EDIT 1 I attempted the method shown here https://bugzilla.redhat.com/show_bug.cgi?id=1297230, by using an ifb0 interface to redirect docker0 traffic to ifb0 and then try to shape the egress traffic there.

tc qdisc add dev docker0 handle ffff: ingress
tc filter add dev docker0 parent ffff: protocol ip u32 match u32 0 0 action mirred egress redirect dev ifb0

$ sudo tc filter show dev docker0 root
filter parent ffff: protocol ip pref 49152 u32 chain 0 
filter parent ffff: protocol ip pref 49152 u32 chain 0 fh 800: ht divisor 1 
filter parent ffff: protocol ip pref 49152 u32 chain 0 fh 800::800 order 2048 key ht 800 bkt 0 terminal flowid ??? not_in_hw 
  match 00000000/00000000 at 0
        action order 1: mirred (Egress Redirect to device ifb0) stolen
        index 1 ref 1 bind 1

So adding filters seems possible. I tried adding the same tc filters to ifb0 (instead of docker0) but still could not get

tc filter add dev ifb0 protocol ip parent 2:0 prio 1 u32 match ip dst 172.17.0.4/32 flowid 2:1
tc filter add dev ifb0 protocol ip parent 2:0 prio 1 u32 match ip dst 172.17.0.5/32 flowid 2:2
tc filter add dev ifb0 protocol ip parent 2:0 prio 1 u32 match ip dst 172.17.0.6/32 flowid 2:3

With this method I could also no longer get ping responses, this redirection messed with outgoing traffic. But at the same time, the filters still could not be added, which doesn't solve my key problem.

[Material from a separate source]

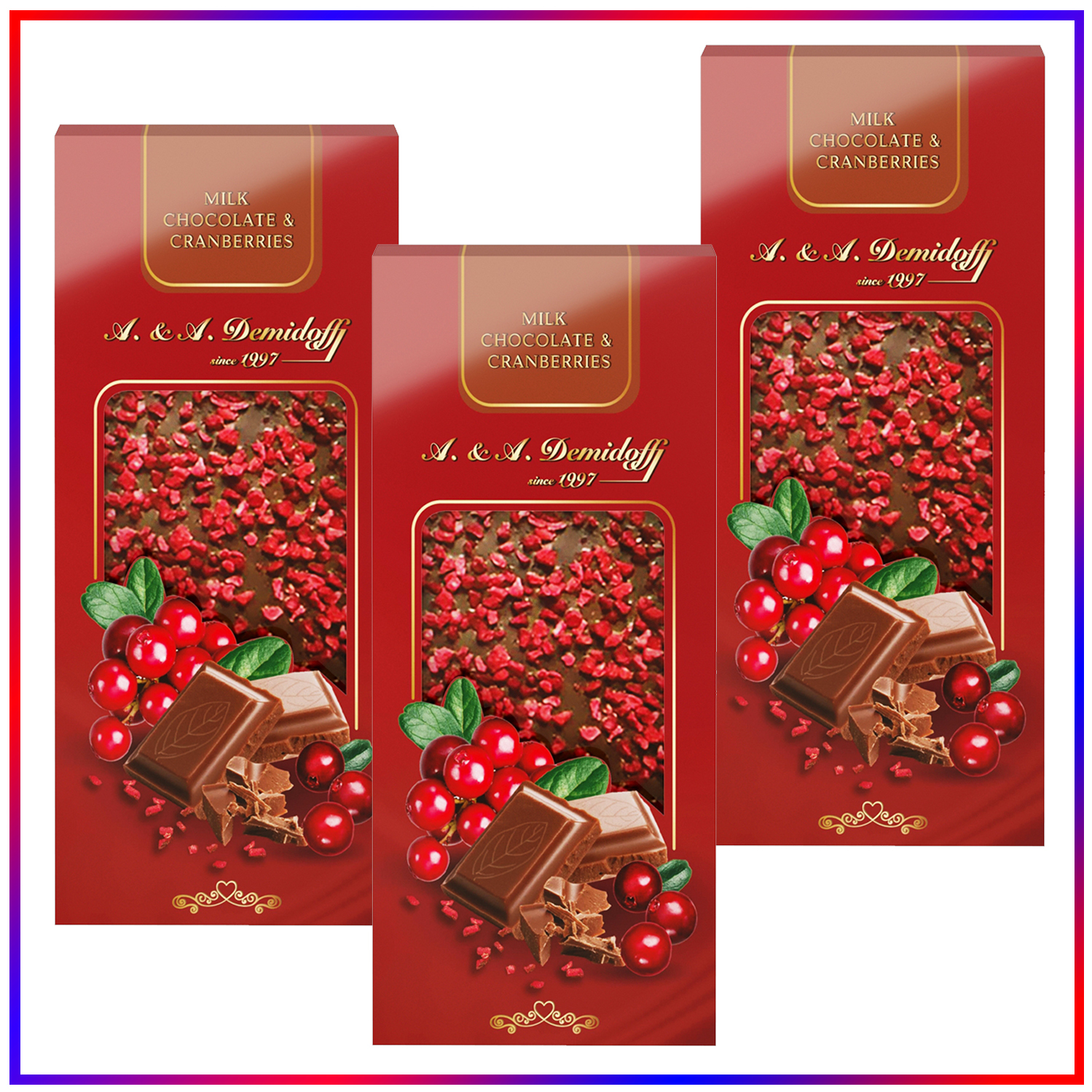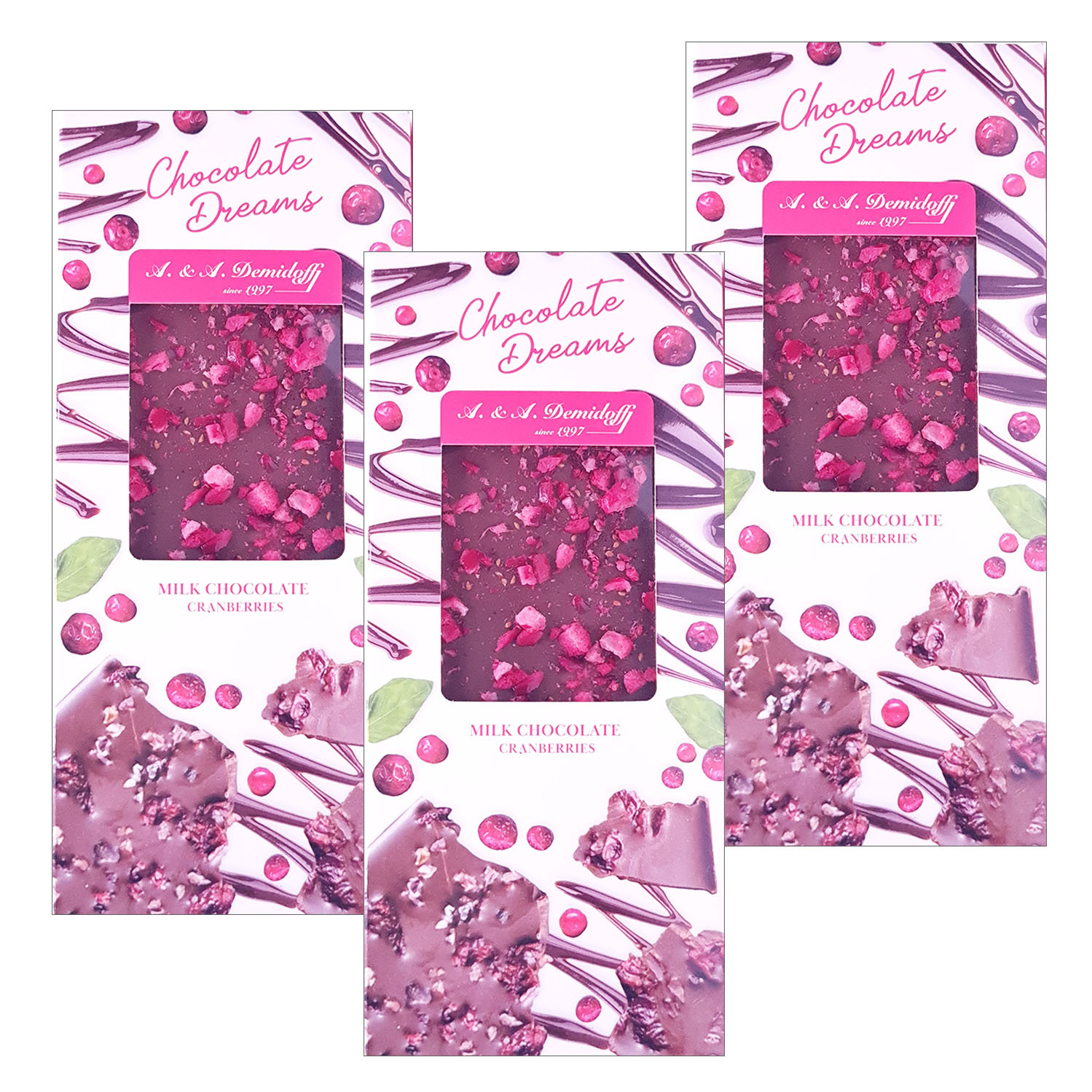 Шоколад молочный A. & A. DEMIDOFF с кусочками сушеной клюквы, NEW, 3 шт по 90 гр
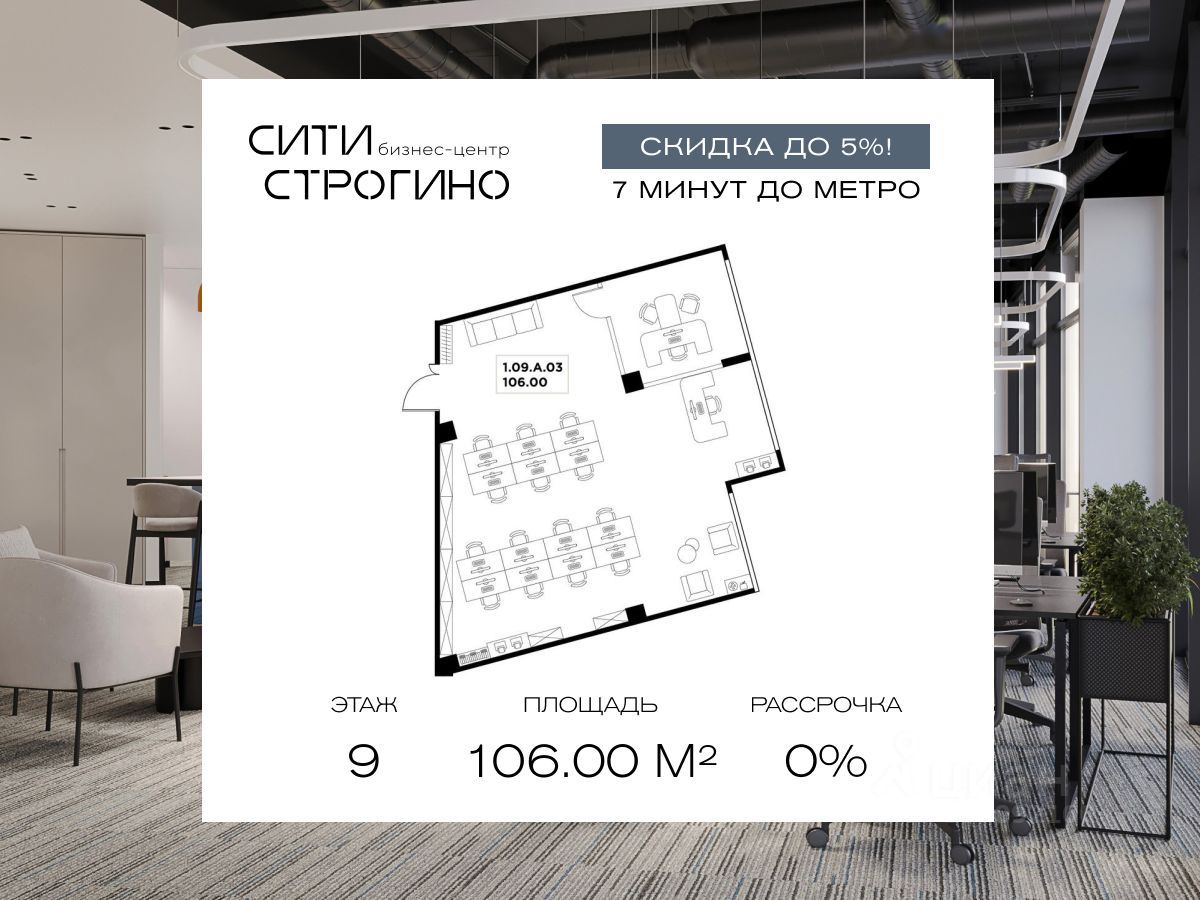 В продаже от застройщика комфортабельный Private-офис площадью 106 м² на 9 этаже в премиальном бизнес-центре Сити Строгино. Срок сдачи - 2028 год.

EDIT 2 If I don't add the classless TBF qdisc, it seems I can add the filters

$ tc filter show dev docker0
filter parent 1: protocol ip pref 1 u32 chain 0 
filter parent 1: protocol ip pref 1 u32 chain 0 fh 800: ht divisor 1 
filter parent 1: protocol ip pref 1 u32 chain 0 fh 800::800 order 2048 key ht 800 bkt 0 flowid 1:1 not_in_hw 
  match ac110000/ffff0000 at 16
filter parent 1: protocol ip pref 2 u32 chain 0 
filter parent 1: protocol ip pref 2 u32 chain 0 fh 801: ht divisor 1 
filter parent 1: protocol ip pref 2 u32 chain 0 fh 801::800 order 2048 key ht 801 bkt 0 flowid 1:2 not_in_hw 
  match ac110000/ffff0000 at 16
filter parent 1: protocol ip pref 3 u32 chain 0 
filter parent 1: protocol ip pref 3 u32 chain 0 fh 802: ht divisor 1 
filter parent 1: protocol ip pref 3 u32 chain 0 fh 802::800 order 2048 key ht 802 bkt 0 flowid 1:3 not_in_hw 
  match ac110000/ffff0000 at 16

However, priority doesn't seem to be given to the first container with the 172.17.0.4 address. I can see the packets being routed to the proper prio. In theory, if given priority, that means the first container should have the highest throughput in the beginning until it finishes downloading, then the second container, then the third.